• Supplied material:
============

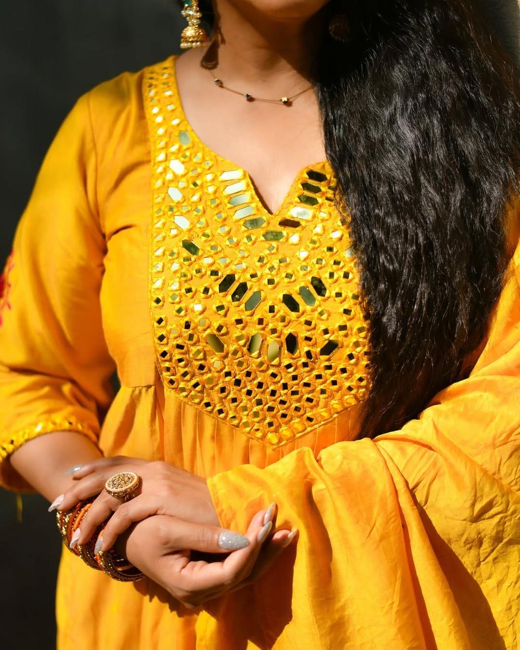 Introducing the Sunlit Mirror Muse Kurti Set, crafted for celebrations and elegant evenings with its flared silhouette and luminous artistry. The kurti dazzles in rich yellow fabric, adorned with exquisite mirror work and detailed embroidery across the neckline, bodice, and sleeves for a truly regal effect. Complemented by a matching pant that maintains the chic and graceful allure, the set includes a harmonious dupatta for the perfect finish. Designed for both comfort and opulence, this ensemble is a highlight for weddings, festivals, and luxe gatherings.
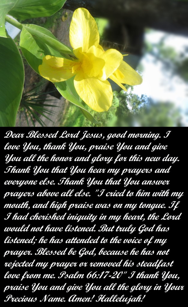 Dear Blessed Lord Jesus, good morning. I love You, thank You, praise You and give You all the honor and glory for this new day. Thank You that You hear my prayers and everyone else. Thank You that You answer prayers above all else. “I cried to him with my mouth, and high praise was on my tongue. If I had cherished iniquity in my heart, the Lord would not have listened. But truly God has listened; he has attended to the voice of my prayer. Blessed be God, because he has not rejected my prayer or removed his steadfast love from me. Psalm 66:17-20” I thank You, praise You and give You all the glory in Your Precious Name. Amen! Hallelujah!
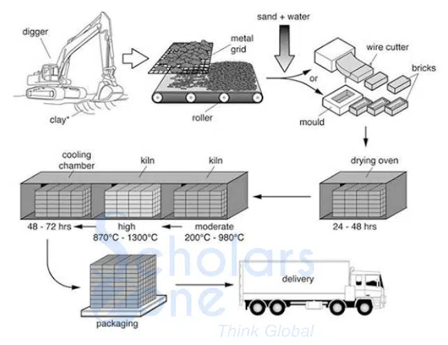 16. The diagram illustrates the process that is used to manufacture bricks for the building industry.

============

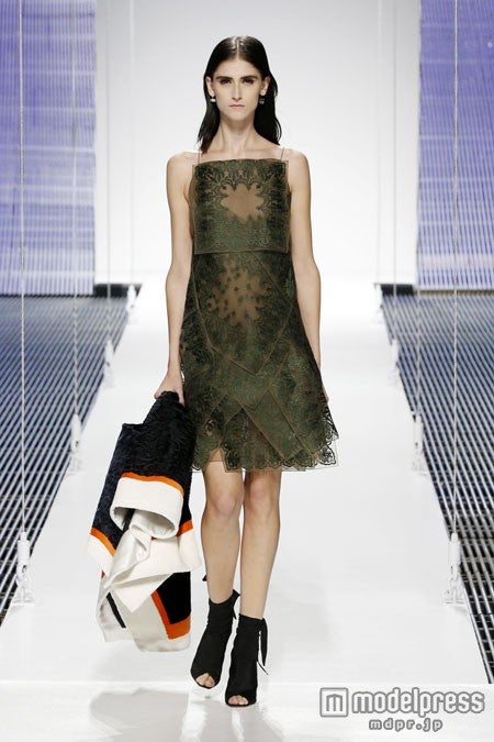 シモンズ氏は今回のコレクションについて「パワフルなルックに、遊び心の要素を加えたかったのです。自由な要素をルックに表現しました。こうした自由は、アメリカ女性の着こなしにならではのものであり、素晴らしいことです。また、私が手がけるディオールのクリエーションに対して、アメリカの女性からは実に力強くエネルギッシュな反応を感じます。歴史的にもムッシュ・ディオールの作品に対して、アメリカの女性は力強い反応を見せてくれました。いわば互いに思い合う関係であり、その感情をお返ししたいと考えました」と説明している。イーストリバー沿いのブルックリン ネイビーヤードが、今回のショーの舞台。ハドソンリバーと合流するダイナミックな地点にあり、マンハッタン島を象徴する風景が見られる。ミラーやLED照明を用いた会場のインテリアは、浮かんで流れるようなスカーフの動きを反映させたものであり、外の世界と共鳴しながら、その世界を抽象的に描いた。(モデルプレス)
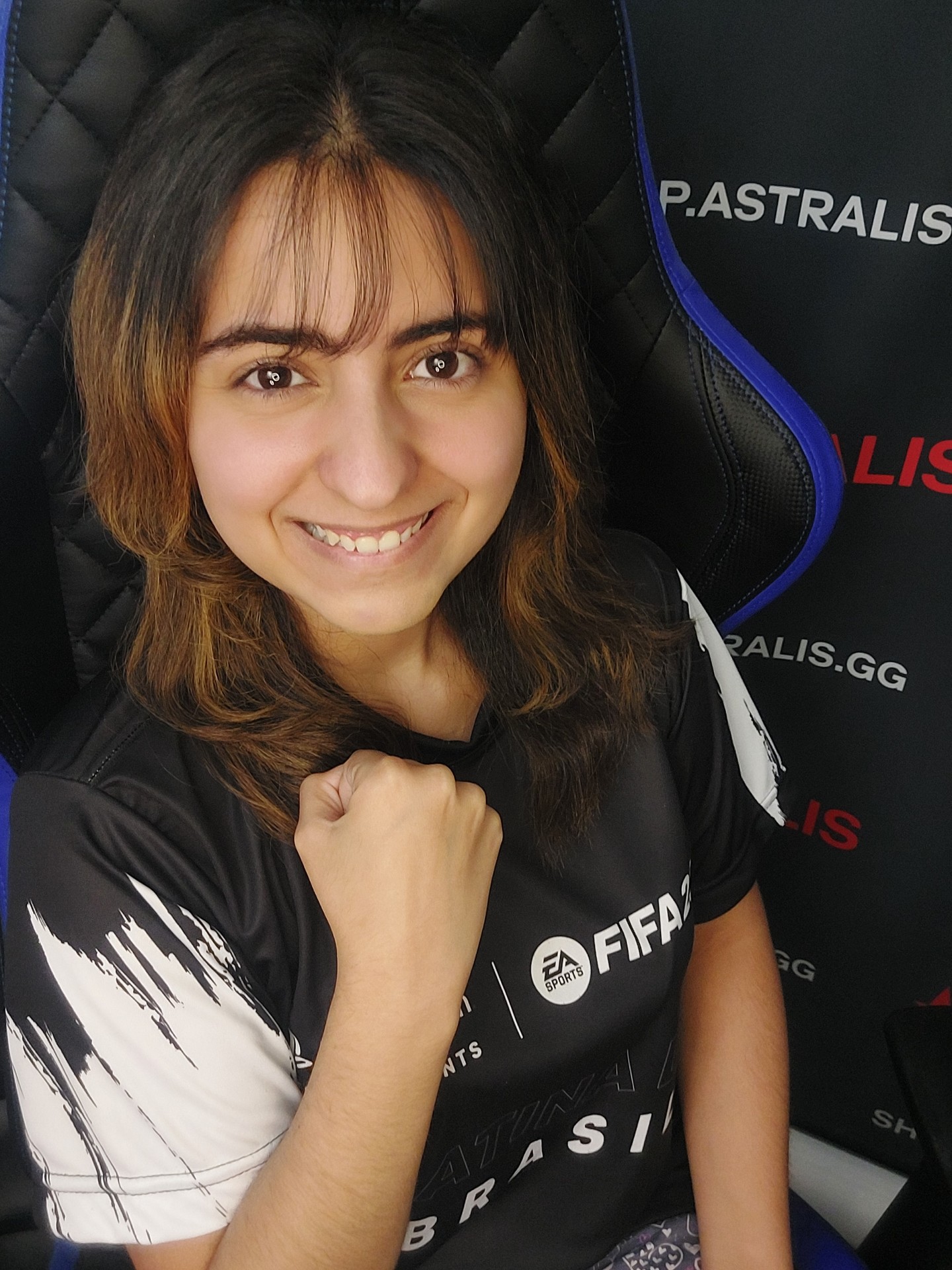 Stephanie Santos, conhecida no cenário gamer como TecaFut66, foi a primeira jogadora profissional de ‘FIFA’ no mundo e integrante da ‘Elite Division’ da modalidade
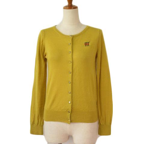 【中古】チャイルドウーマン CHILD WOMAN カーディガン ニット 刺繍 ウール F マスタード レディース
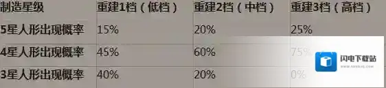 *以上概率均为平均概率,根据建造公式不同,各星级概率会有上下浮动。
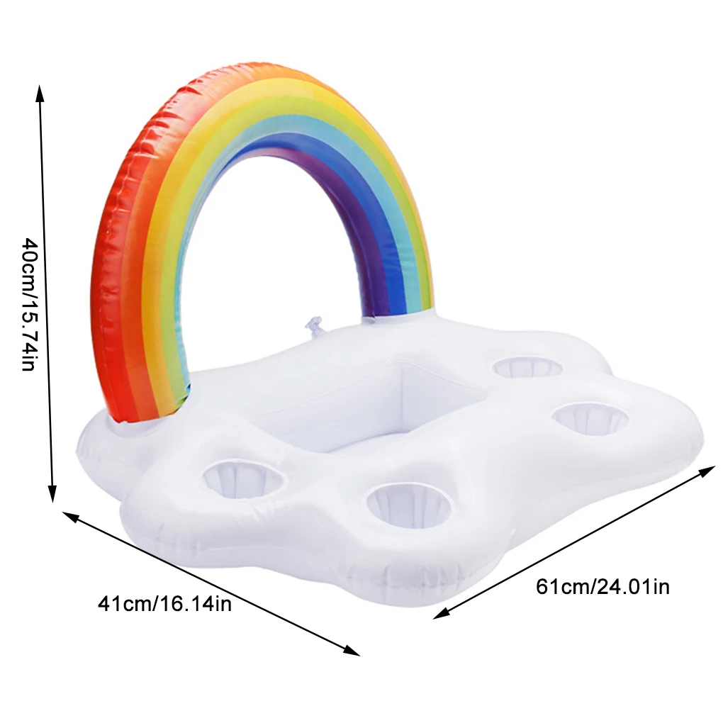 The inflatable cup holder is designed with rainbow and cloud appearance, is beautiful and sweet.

============

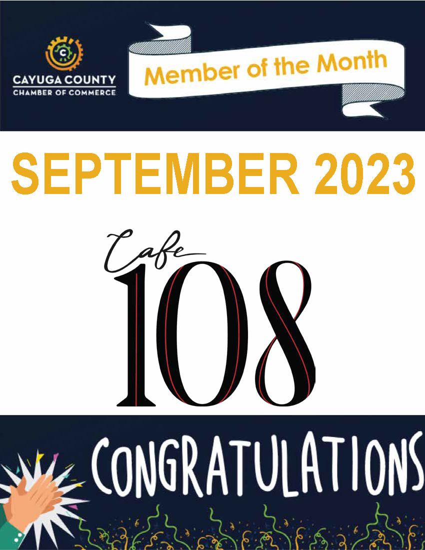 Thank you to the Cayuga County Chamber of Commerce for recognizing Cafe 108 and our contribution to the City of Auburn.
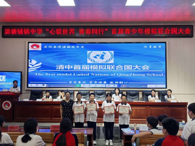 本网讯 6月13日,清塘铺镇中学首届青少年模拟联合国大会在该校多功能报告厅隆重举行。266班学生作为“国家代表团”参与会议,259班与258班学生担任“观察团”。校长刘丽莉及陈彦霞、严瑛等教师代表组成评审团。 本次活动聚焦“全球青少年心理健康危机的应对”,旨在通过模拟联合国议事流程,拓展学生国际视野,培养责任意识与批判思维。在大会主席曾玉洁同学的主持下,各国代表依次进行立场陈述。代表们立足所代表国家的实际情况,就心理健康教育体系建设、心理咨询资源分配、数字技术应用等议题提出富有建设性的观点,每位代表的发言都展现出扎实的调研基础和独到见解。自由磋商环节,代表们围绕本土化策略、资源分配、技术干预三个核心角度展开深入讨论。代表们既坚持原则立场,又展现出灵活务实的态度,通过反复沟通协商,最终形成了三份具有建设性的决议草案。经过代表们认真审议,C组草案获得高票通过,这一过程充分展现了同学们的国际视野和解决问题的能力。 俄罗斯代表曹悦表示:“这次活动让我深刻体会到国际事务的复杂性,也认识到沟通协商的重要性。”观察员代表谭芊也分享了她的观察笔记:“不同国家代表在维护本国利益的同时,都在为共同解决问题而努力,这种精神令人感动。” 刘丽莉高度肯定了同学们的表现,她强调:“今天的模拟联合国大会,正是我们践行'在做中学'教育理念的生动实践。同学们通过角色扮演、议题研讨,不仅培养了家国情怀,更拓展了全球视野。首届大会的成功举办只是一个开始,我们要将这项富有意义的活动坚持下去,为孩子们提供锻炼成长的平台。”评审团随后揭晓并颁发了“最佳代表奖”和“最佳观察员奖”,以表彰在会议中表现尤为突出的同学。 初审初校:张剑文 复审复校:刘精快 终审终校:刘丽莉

============

• What to work on: Go to the line above holding "シモンズ氏は今回のコレクショ", then copy exactly each line down to and including the one holding "The inflatable cup", leaving pictures out.

• Exercise solution:
 シモンズ氏は今回のコレクションについて「パワフルなルックに、遊び心の要素を加えたかったのです。自由な要素をルックに表現しました。こうした自由は、アメリカ女性の着こなしにならではのものであり、素晴らしいことです。また、私が手がけるディオールのクリエーションに対して、アメリカの女性からは実に力強くエネルギッシュな反応を感じます。歴史的にもムッシュ・ディオールの作品に対して、アメリカの女性は力強い反応を見せてくれました。いわば互いに思い合う関係であり、その感情をお返ししたいと考えました」と説明している。イーストリバー沿いのブルックリン ネイビーヤードが、今回のショーの舞台。ハドソンリバーと合流するダイナミックな地点にあり、マンハッタン島を象徴する風景が見られる。ミラーやLED照明を用いた会場のインテリアは、浮かんで流れるようなスカーフの動きを反映させたものであり、外の世界と共鳴しながら、その世界を抽象的に描いた。(モデルプレス)
 Stephanie Santos, conhecida no cenário gamer como TecaFut66, foi a primeira jogadora profissional de ‘FIFA’ no mundo e integrante da ‘Elite Division’ da modalidade
 【中古】チャイルドウーマン CHILD WOMAN カーディガン ニット 刺繍 ウール F マスタード レディース
 *以上概率均为平均概率,根据建造公式不同,各星级概率会有上下浮动。
 The inflatable cup holder is designed with rainbow and cloud appearance, is beautiful and sweet.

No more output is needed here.